Dans le regard du faiseur de mots, originaire d’ici et dont le cœur n’a jamais réussi à en percer la frontière, cette diversité n’est pas antinomique de l’harmonieuse unité qui s’en dégage quand le temps permet de l’apprivoiser.
Sans doute doit-on cette unité à l’Histoire, les limites de l’Aveyron correspondant peu ou prou aux frontières de l’ancienne province du Rouergue au point que les Aveyronnais, par tradition et peut-être par indépendance vis-à-vis d’un pouvoir trop centralisateur, se désignent encore comme Rouergats.
Sans doute la « claustralité » légendaire de ce territoire fermé aux quatre points cardinaux par des accidents du relief (montagne, gorges, plateaux) a-t-elle renforcé cette unité de lieu qui veut que l’on se sent avant tout Aveyronnais. Un état d’esprit qui s’est exporté à Paris au sein de la communauté aveyronnaise et même jusqu’au bout du Monde, à l’image de la ville argentine de Pigüé, fondée en 1884 par Clément Cabanettes.
Sans doute le désenclavement routier (A75 et RN88 à deux fois deux voies), le brassage des populations et l’ouverture à la mondialisation
contribueront-ils à l’évolution de cette unité qui se traduit aussi par l’appartenance à des signes distinctifs : le couteau de Laguiole ; le Roquefort ; l’aligot et désormais le viaduc de Millau qui symbolise à la fois la volonté d’être (« volem viuvre al païs ») et de paraître.
Aussi, l’entière architecture de l’ouvrage que vous allez butiner de texte en photos repose sur cette indispensable association entre la diversité et l’harmonie.
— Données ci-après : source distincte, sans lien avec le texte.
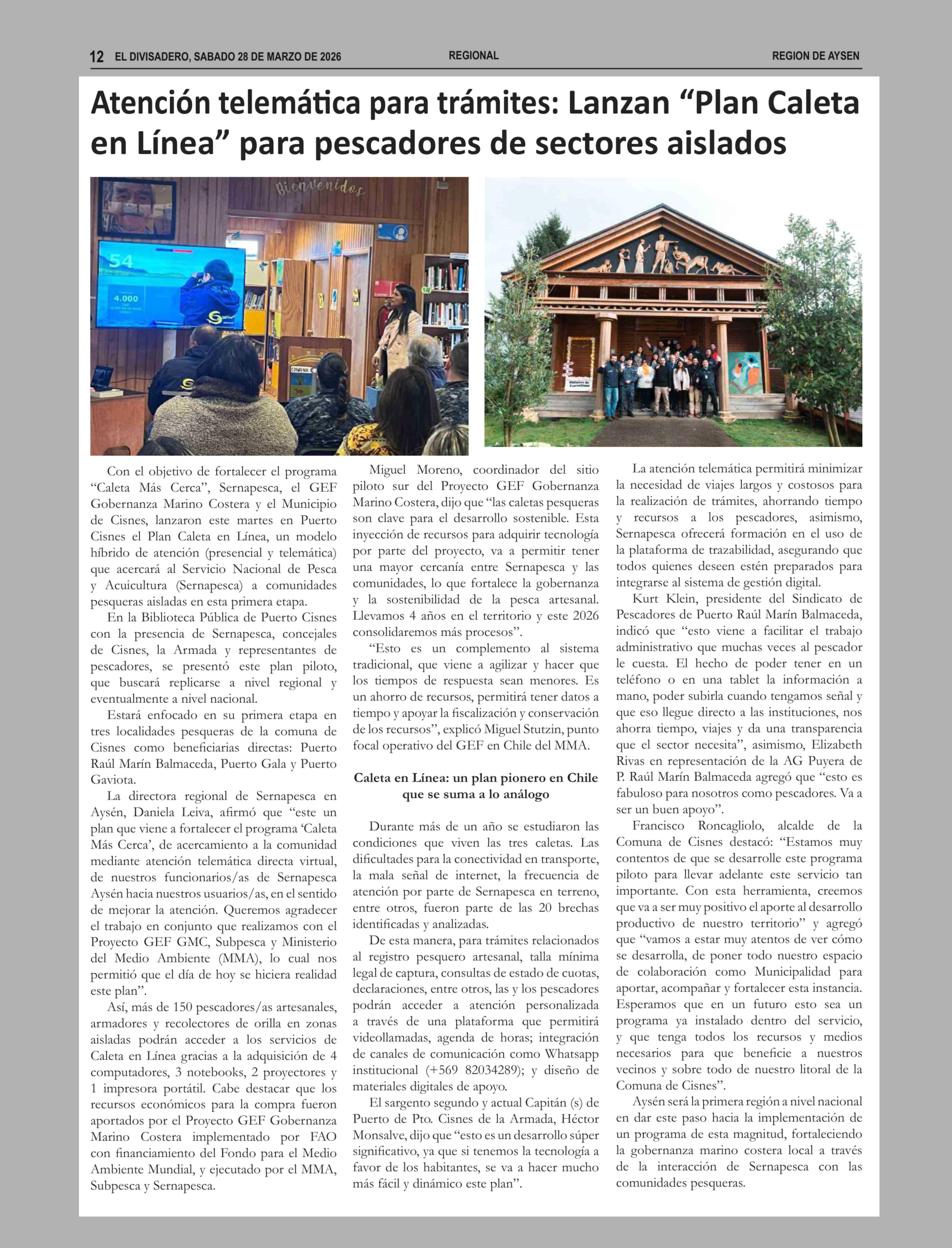 Atención telemática para trámites: Lanzan "Plan Caleta en Línea" para pescadores de sectores aislados 28-03-2026 El Divisadero |

Dépassant l’unité géographique des lieux, il s’agit bien d’entrer non dans des clichés surannés mais bel et bien dans l’intimité de ce département à travers des thèmes unificateurs qui en sont l’essence même. Alors son pouvoir de séduction n’en sera que plus grand et ce faisant, notre contribution point vaine qui vous fera aimer cet Aveyron aux multiples facettes comme l’aiment ceux qui y sont nés avant d’y grandir. Avant peut-être que vous l’adoptiez.